[dpdk-dev] RFC: DPDK Long Term Support

Neil Horman nhorman at tuxdriver.com
Mon Jun 6 15:47:42 CEST 2016


On Mon, Jun 06, 2016 at 11:27:29AM +0200, Thomas Monjalon wrote:
> 2016-06-05 14:15, Neil Horman:
> > On Fri, Jun 03, 2016 at 03:07:49PM +0000, Mcnamara, John wrote:
> > > Introduction
> > > ------------
> > > 
> > > This document sets out a proposal for a DPDK Long Term Support release (LTS).
> > > 
> > > The purpose of the DPDK LTS will be to maintain a stable release of DPDK with
> > > backported bug fixes over an extended period of time. This will provide
> > > downstream consumers of DPDK with a stable target on which to base
> > > applications or packages.
> [...]
> > I'm not opposed to an LTS release, but it seems to be re-solving the issue of
> > ABI breakage.  That is to say, there is alreay a process in place for managing
> > ABI changes to the DPDK, which is designed to help ensure that:
> > 
> > 1) ABI changes are signaled at least 2 releases early
> > 2) ABI changes whenever possible are designed such that backward compatibility
> > versions can be encoded at the same time with versioning tags
> 
> Sorry I don't understand your point.
> We are talking about two different things:
> 1/ ABI care for each new major release
> 2/ Minor release for bug fixes
> 
> I think both may exist.
> 
Sure, they can exist together (they being both an ABI backwards compatible HEAD
and a set of LTS releases).  The point I'm trying to make is that if you do your
ABI compatible HEAD well enough, you don't really need an LTS release.

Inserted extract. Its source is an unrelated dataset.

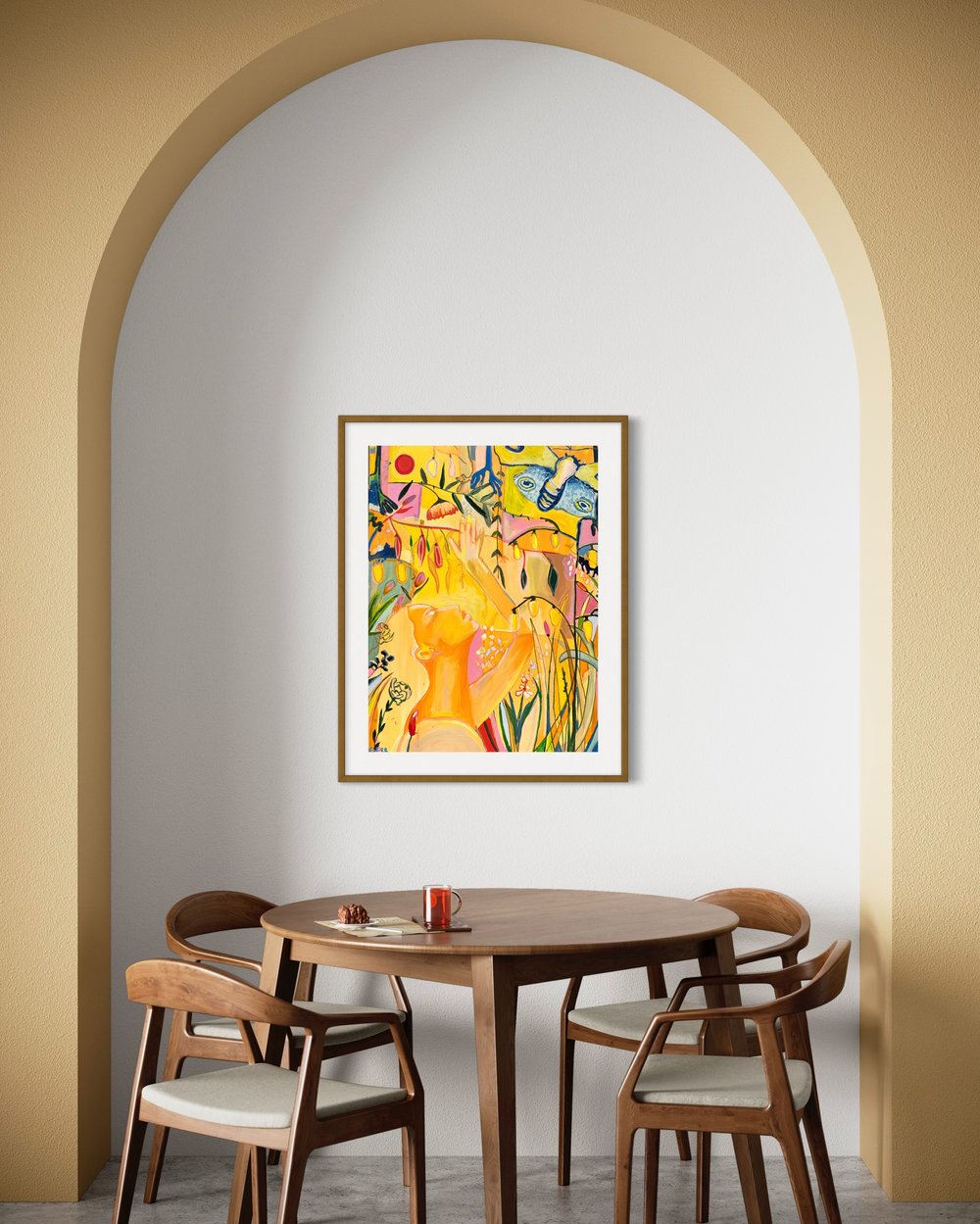 Giclée print of “The Story of The Moth & The Girl ” — printed on luxurious velvet watercolor paper, 100% cotton, acid-free paper that delivers long-lasting, archival prints. This paper is soft yet sturdy with a slight texture. There is no added border or matte.

Thats not to say that you can't do both, but an LTS release is a significant
workload item, especially given the rapid pace of change in HEAD.  The longer
you maintain an LTS release, the more difficult "minor" bugfixes are to
integrate, especially if you wind up skipping any ABI breaking patches.  I think
its worth calling attention to that as this approach gets considered.

> > Those two mechanism are expressly intended to allow application upgrades of DPDK
> > libraries without worrying about ABI breakage.  While LTS releases are a fine
> > approach for  some things, they sacrifice upstream efficiency (by creating work
> > for backporting teams), while allowing upstream developers more leverage to just
> > create ABI breaking changes on a whim, ignoring the existing ABI compatibility
> > mechanism
> 
> No it was not stated that upstream developers should ignore ABI compatibility.
> Do you mean having a stable branch means ABI preservation for the next major
> release is less important?
> 
I never stated that developers should ignore ABI compatibility, I stated that
creating an LTS release will make it that much easier for developers to do so.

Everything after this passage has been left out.